On December 3, 2014, Falú signed a minor league contract with the Cincinnati Reds, and was assigned to the Double–A Pensacola Blue Wahoos. He instead spent the 2015 campaign with the Triple–A Louisville Bats, hitting .270/.337/.350 with three home runs, 43 RBI, and 19 stolen bases across 121 games. Falú elected free agency on November 6, 2015.

===Guerreros de Oaxaca===
On March 4, 2016, Falú signed with the Guerreros de Oaxaca of the Mexican League. Falú made 52 appearances for Oaxaca, slashing .359/.410/.478 with five home runs, 31 RBI, and nine stolen bases.

===Kansas City Royals===
On June 5, 2016, Falú signed a minor league contract with the Kansas City Royals organization. In 46 games for the Triple–A Omaha Storm Chasers, he batted .267/.297/.404 with four home runs and 27 RBI. Falú elected free agency following the season on November 7.

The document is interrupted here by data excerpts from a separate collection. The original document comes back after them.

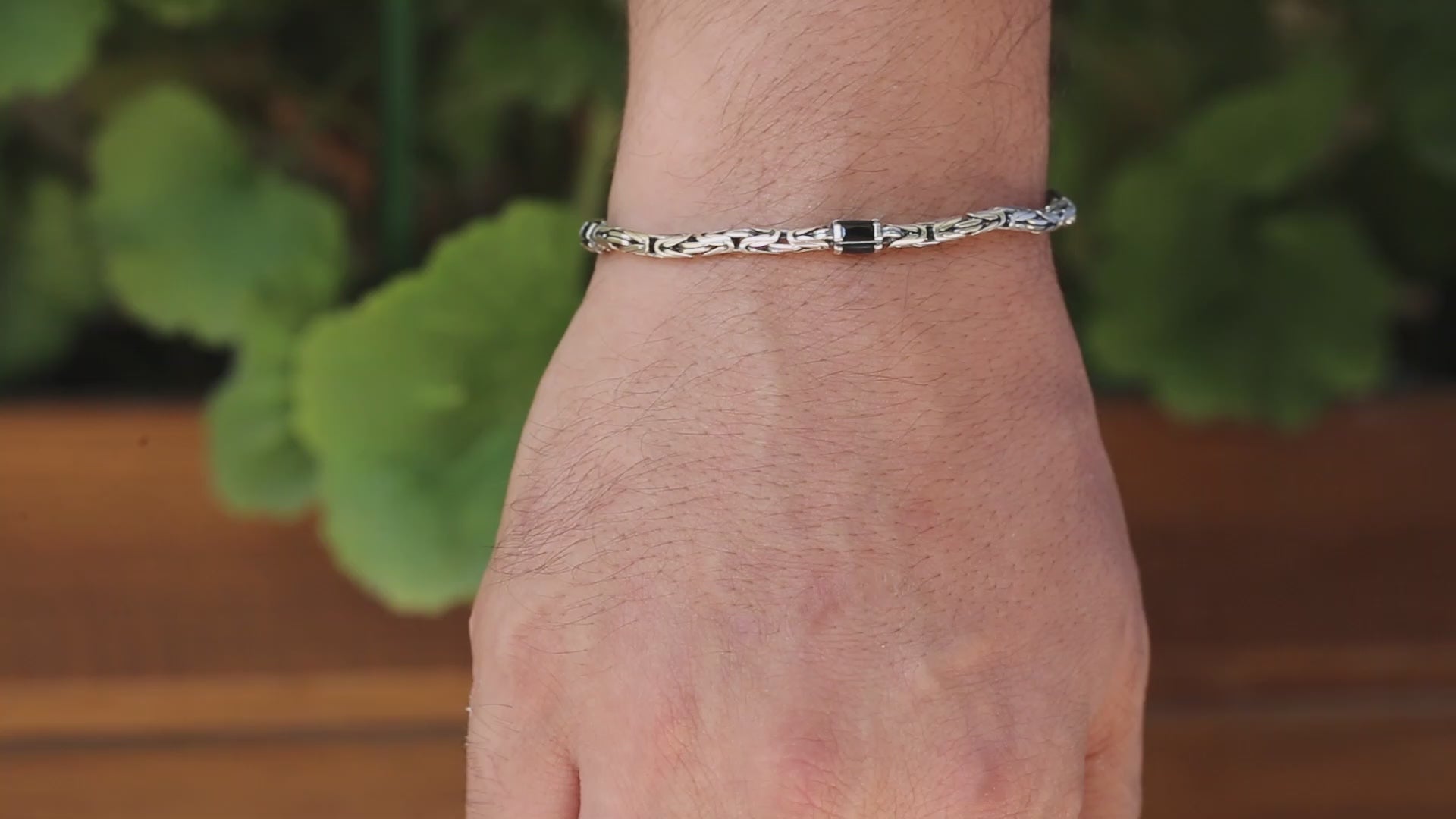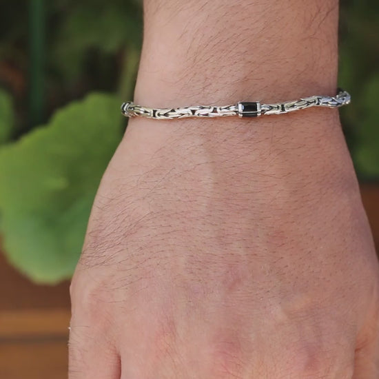 925 Silver Black Onyx King Chain Bracelet, Byzantine 5MM Byzantine Chain Bracelet, Bali Chain Bracelet, Men Solid Sterling Silver Chain
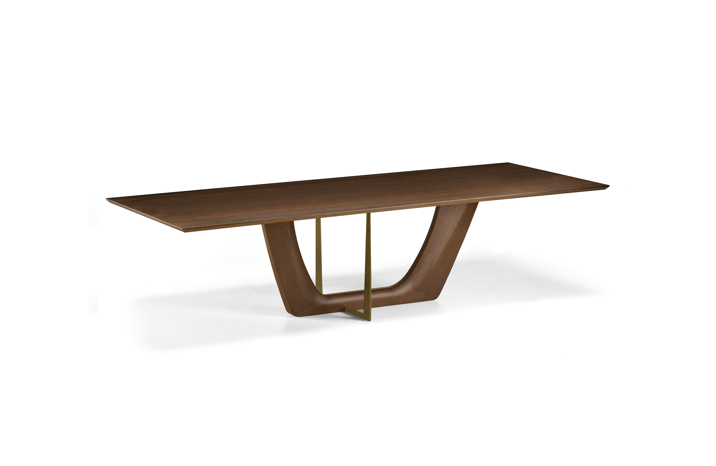 一个极富特色的餐桌,富有独特的细节,保证了在任何环境中都备受瞩目的存在。底座的结构和工艺都凸显出了独立的金属环,由青铜或钛合金涂漆制成。
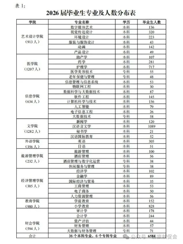 2026届毕业生共6584人,分布在36个本科专业和6个专科专业,生源涵盖全国29个省(自治区、直辖市),具体信息详见表1、2。
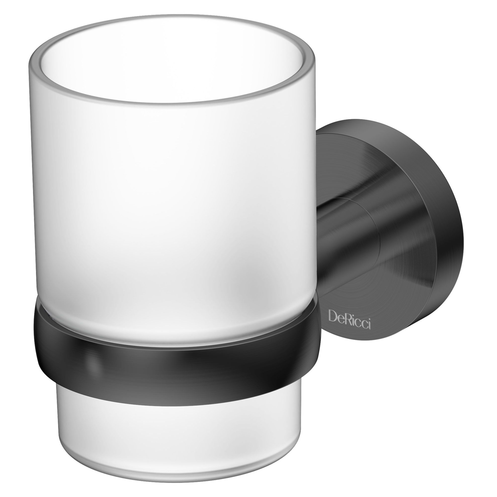 Subtle and refined, the DeRicci Dark Gunmetal Tumbler Holder features a soft anthracite finish that blends seamlessly with natural stone and concrete textures. The frosted glass cup adds a layer of softness to the modern design.
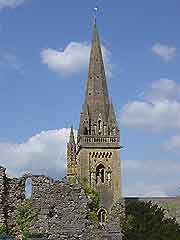 Llandaff Cathedral with an imposing, modern statue of Christ, Gothic arches and a truly spectacular church interior
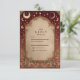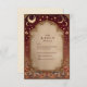 A luxurious celestial wedding design framed in deep burgundy and antique gold. This ornate baroque invitation features glowing moons, stars, and cosmic filigree — blending old-world romance with a touch of divine mystery. Perfect for celestial, gothic, or royal-themed weddings seeking a timeless yet magical aesthetic.
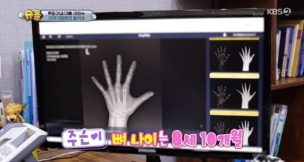 몸무게는 62등, 뼈 나이는 8세 10개월 정도 됐다.
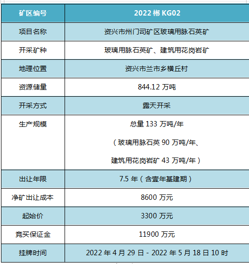 根據《湖南省資興市州門司礦區玻璃用脈石英礦資源開發利用方案》評審意見書(湘礦開發評字〔2021〕045號),掛牌出讓的石英礦擬設采礦權設計露天開采,其中,玻璃用脈石英礦可采資源量572.66萬噸、建筑用花崗巖礦可采資源量271.46萬噸、生產規模133萬噸/年(玻璃用脈石英90萬噸/年、建筑用花崗巖礦43萬噸/年)、服務年限6.4年。
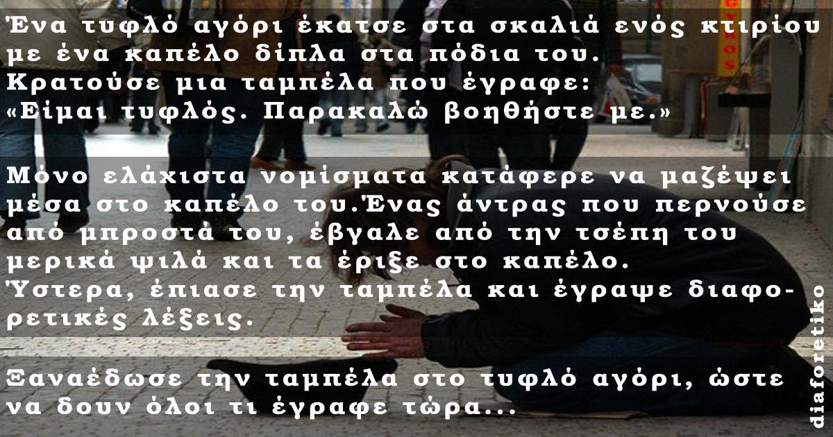 Ένα τυφλό αγόρι είχε καθίσει στα σκαλιά ενός κτιρίου με ένα καπέλο κοντά στα πόδια του. Η ταμπέλα που κρατούσε στα χέρια του έλεγε “Είμαι τυφλός. Παρακαλώ βοηθήστε με.”
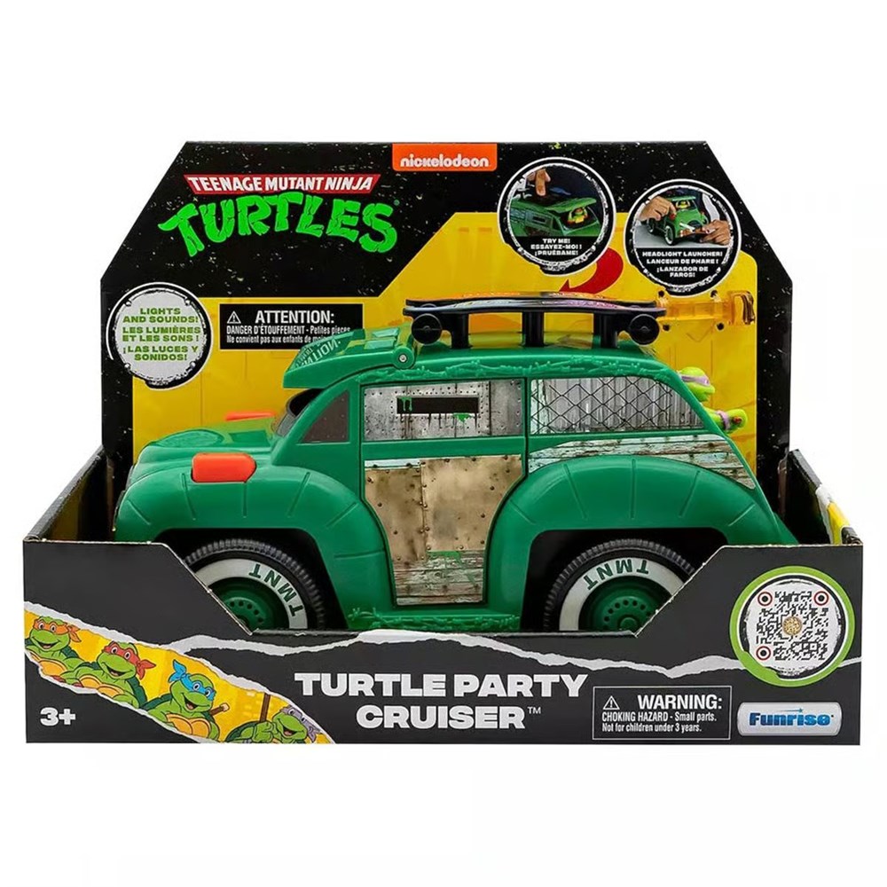 Named one of Toy Insider s 2024 Top Holiday Toy a National Parenting Product Award winner and recognized with Pop Insider s Pop Junior Award the Turtle Party Cruiser delivers turtle-powered fun! This vintage Woodie style vehicle comes equipped with long boards on top featuring the signature colors of your favorite Turtles. To get the Turtle party started press down on each longboard color to activate the Turtles popping out of the car - Leonardo Michelangelo Donatello and Raphael. Each turtle also delivers a unique catchphrase! Plus watch as lights illuminate the action with every push of a button adding to the excitement of the Turtle Party Cruiser experience! Appropriate for ages 3 and up.
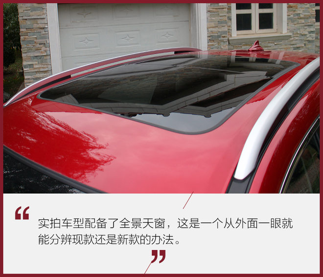 和现款车型相比,新车在外观和内饰上的改变不是很多,重点还是围绕着新的动力总成这一块而做出的改变,令人高兴的是新车增加了全景天窗这个配置。
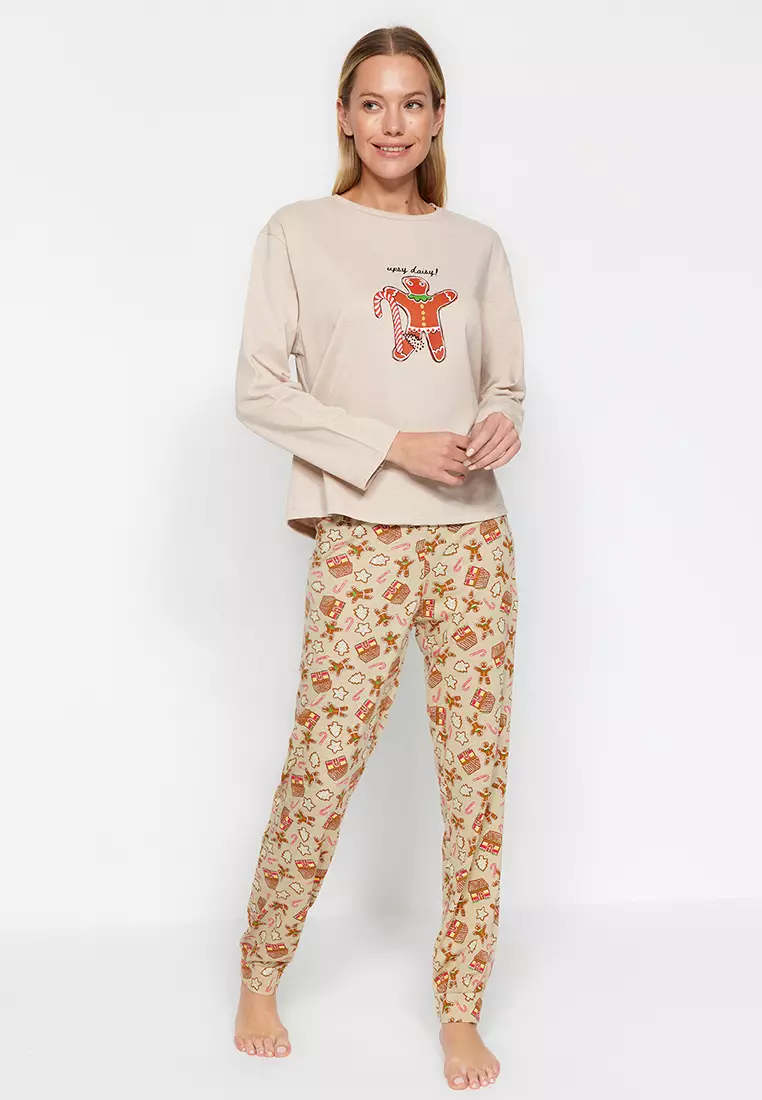 Cream 100% Cotton Christmas Themed Knitted Pajama Set THMAW24PT00061
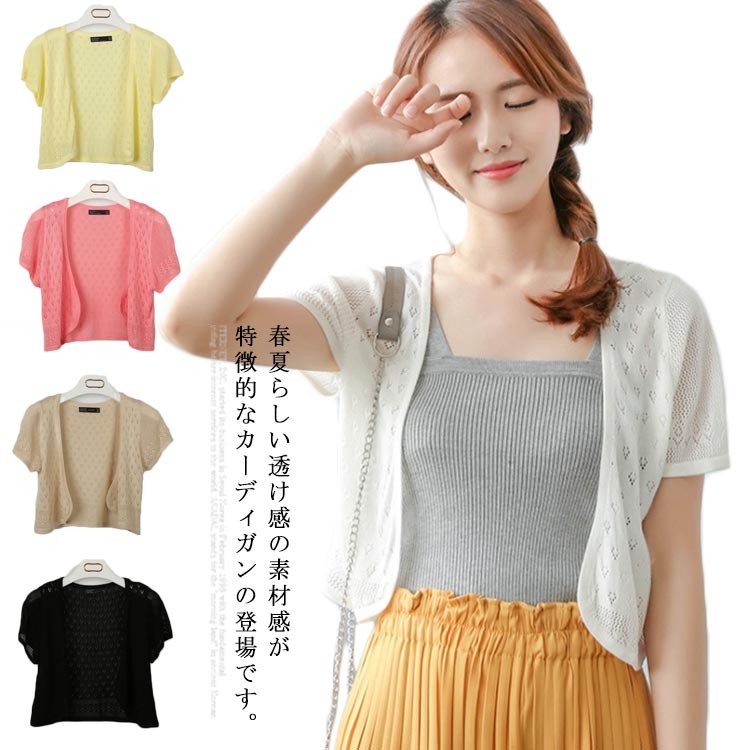 カーディガン レディース 透け感 半袖 サマーカーディガン ショート丈 透かし ニットカーディガン サマーニット
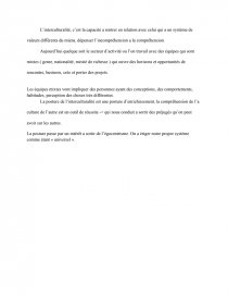 L’interculturalité, c’est la capacité a rentrer en relation avec celui qui a un système de valeurs différents du miens, dépenser l’incompréhension a la compréhension.

===Washington Nationals===
On January 12, 2017, Falú signed a minor league contract with the Washington Nationals. He played in 119 games for the Triple-A Syracuse Chiefs, batting .280/.333/.406 with nine home runs, 44 RBI, and six stolen bases.

Falú re–signed with Washington on a new minor league contract on October 31, 2017. He spent the entirety of the 2018 season with Triple–A Syracuse, playing in 108 games and hitting .276/.337/.360 with four home runs, 53 RBI, and 12 stolen bases. Falú elected free agency following the season on November 2, 2018.

==Coaching career==
In 2025, Falú was named as the bench coach for the Dominican Summer League Royals, the summer league affiliate of the Kansas City Royals.

==Personal life==
Falú is the cousin of former Royals player and Boston Red Sox first base coach Luis Alicea.

His brother, Melvin Falú, was selected by the St. Louis Cardinals in the 28th round of the 2002 MLB June Amateur Draft from Southern Arkansas University in Magnolia, Arkansas.